Welcome back to another jank development update! For the past month, I've been pushing jank closer to production readiness primarily by working on multimethods and by debugging issues with Clang 19 (currently unreleased). Much love to Clojurists Together and all of my Github sponsors for their support this quarter.
Multimethods
I thought, going into this month, that I had a good idea of how multimethods work in Clojure. I figured we define a dispatch function with defmulti:
(defmulti sauce-suggestion ::noodle-type)Then we define our catch-all method for handling types:
(defmethod sauce-suggestion :default [noodle]
(println "You can't go wrong with some butter and garlic."))Then we define some specializations for certain values which come out of our dispatch function.
(defmethod sauce-suggestion ::shell [noodle]
(println "Cheeeeeeeese!"))
(defmethod sauce-suggestion ::flat-white-rice [noodle]
(println "Hor fun gravy."))Then, when you call the sauce-suggestion function, first the dispatch function is called and then the correct method is looked up and called.
(sauce-suggestion {::noodle-type ::shell})
Cheeeeeeeese!
(sauce-suggestion {::noodle-type ::spaghetti})

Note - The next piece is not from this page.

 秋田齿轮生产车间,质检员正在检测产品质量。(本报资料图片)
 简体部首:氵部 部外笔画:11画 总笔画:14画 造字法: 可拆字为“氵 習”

You can't go wrong with some butter and garlic.This is as much as I knew. But wait, there's more!
Hierarchies
It turns out that multimethods match dispatch values based on a couple of different hierarchies, too. If you're matching actual class types, like String, you could have a method which is parameterized on Object and it will be a catch-all. So this would allow you to match on everything which inherits from IRenderable, for example, and then use that interface to render the object. I wasn't concerned about this, since jank's object model isn't based on inheritance. I figured I could leave this whole feature out of multimethods.
However, it turns out that Clojure supports another form of hierarchies! Even crazier, we have full control over those hierarchies at run-time and we can build as many as we want. Check this out.

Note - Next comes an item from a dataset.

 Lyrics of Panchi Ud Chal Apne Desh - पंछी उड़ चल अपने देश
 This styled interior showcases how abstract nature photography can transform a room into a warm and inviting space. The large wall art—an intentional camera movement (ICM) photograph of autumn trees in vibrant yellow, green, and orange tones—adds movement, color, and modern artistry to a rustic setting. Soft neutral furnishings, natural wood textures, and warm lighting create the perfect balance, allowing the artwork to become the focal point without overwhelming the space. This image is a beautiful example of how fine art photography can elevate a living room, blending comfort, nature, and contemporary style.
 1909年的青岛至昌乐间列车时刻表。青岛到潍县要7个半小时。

; We can classify spaghetti and penne as Italian.
; They will both be considered children of ::italian.
(derive ::spaghetti ::italian)
(derive ::penne ::italian)
; Then we can define a method based on the parent.
(defmethod sauce-suggestion ::italian [noodle]

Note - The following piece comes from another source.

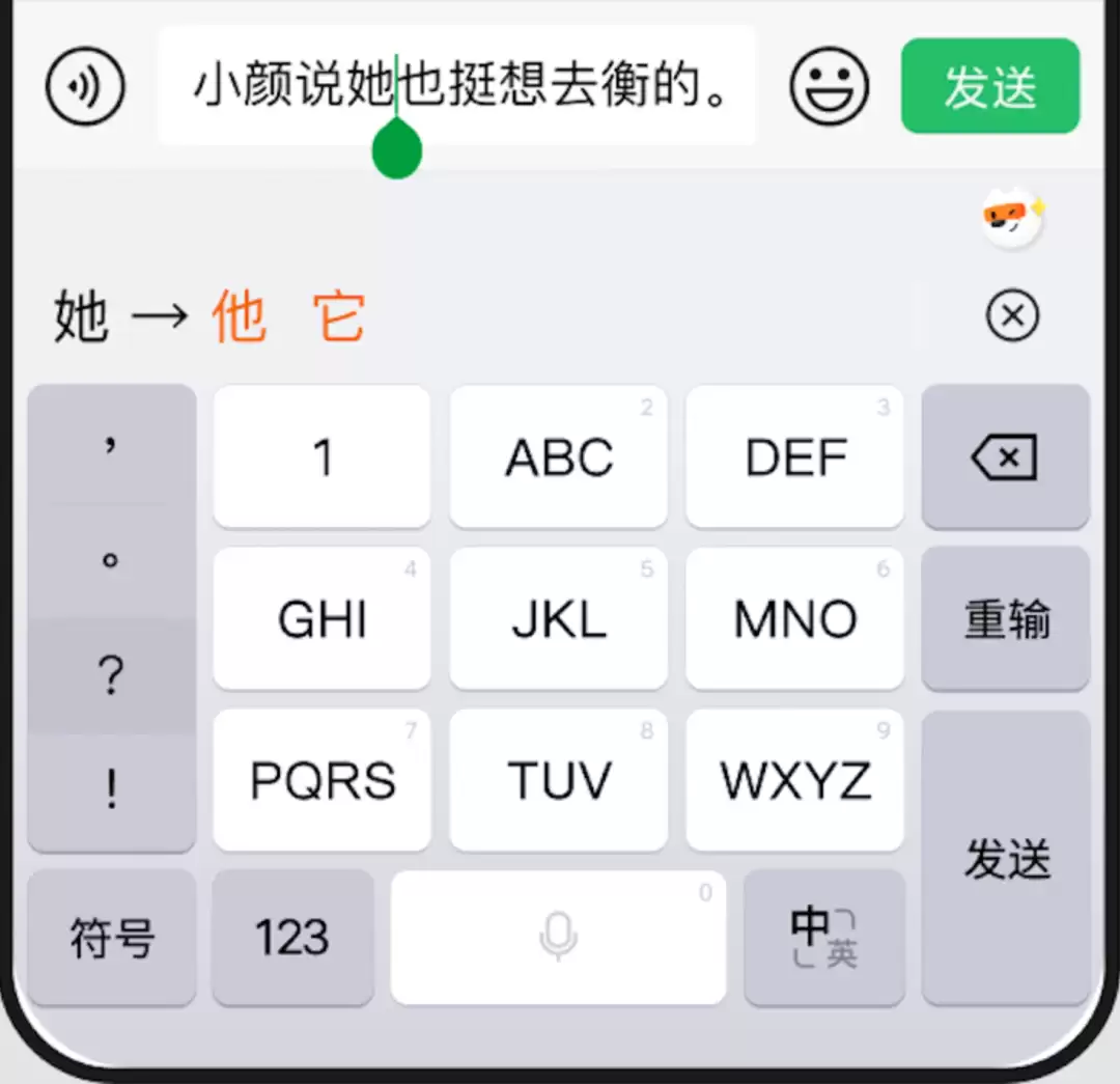 围绕中文输入中最常见的语法难点,诸如“的得地”、“他她它”等易混音词,新版提供一键智能替换能力,让语音转写结果更符合书面表达习惯。(该功能已率先在安卓版上线)

(println "Sugo al pomodoro."))
; This allows us to match multiple dispatch values in a
; deterministic and intuitive way.
(sauce-suggestion {::noodle-type ::penne})
Sugo al pomodoro.There are a handful of related core functions for working with these hierarchies. jank now implements all of them.
make-hierarchyisa?parentsancestorsdescendentsderiveunderive
As I was implementing multimethods, I needed a few more core functions, so those were all implemented as well:
hash-setdisjdefmultialter-var-rootbound?thread-bound?
Notably, this includes bound?, which required me to actually create a dedicated unbound var object so I could distinguish between unbound vars and vars holding nil.
Clang/LLVM 19
Most of my time this past month was not spent developing new features for jank, which is why I only have multimethods and 13 new functions to report. Instead, my time was spent trying to get jank ported over to the latest Clang/LLVM version, which will allow us to leave Cling behind. jank uses these for JIT compiling C++ code and upgrading to the upstream Clang will unlock huge performance wins, make compiling jank easier, and will allow for jank to follow the bleeding edge of the native JIT space. However, before we get there, we have a couple of bugs to get past.
Extern templates
The first bug, which was causing JIT linking issues, I reduced down to a simple test case involving an extern template which is linked either in the current process or in a loaded shared library. Clang will be unable to resolve the address of the definition of that function. As it happens, the fmt library uses this pattern to provide some optimized versions of certain templates. However, we can fortunately work around this, since fmt wraps those definitions in a FMT_HEADER_ONLY preprocessor flag. The relevant fmt source is here.
The process of narrowing this down from the entire jank runtime is cumbersome, ruling out chunks of code at a time while still trying to keep things compiling and correct.
Optimization crash
This is the blocking bug preventing jank from switching to Clang. It only happens in release builds, which also makes it harder to debug. This month, I traced the bug down from a crash in jank all the way to a minimal test case involving assignments with an implicit constructor. However, when testing whether or not the bug existed in Clang 18, I found that it indeed did not. This meant that it's since been introduced in the yet unreleased Clang 19. So I bisected around 1300 commits, each time requiring a fresh Clang/LLVM compilation and taking ~30m. It was an entire day of all 32 cores on my machine being busy compiling, but fortunately I could script all of the hard work just using some bash. Bisecting allowed me to find the commit which introduced the issue. This has yet to be fixed and I don't have the expertise to know what's wrong with that commit, but I've provided a test case, pinged the relevant people, and now I'm hoping the real experts can come in for the save.
Clang status
Aside form those two issues, only one of them being a blocker, the port to Clang is ready. In debug builds (which avoid the second bug), jank can pass its full test suite using Clang 19. Even better, some early benchmarking has shown that Clang 19 is more than twice as fast as Cling when it comes to JIT compiling large amounts of generated C++ code (such as all of clojure.core). That will mean faster startup times and shorter REPL iteration loops.
Community progress: characters
This month, Saket Patel has been working on adding character support to jank. This involves support for tokens such as \a, \space, and Unicode characters like \u2764. He has a PR open for initial character support, which is still in review. It should be merged soon.
Aside from regexes and ratios, characters are the only remaining syntax objects which have not yet been implemented in jank!
What's next?
Implementing multimethods identified a couple of issues related to certain sequence types in jank which I'm still investigating. Once those are sorted, I'll continue working through the requirements to implement clojure.test, which is why I was implementing multimethods in the first place. From there, I can start testing my jank code using more jank code and the dogfooding cycle can really begin. Stay tuned, folks!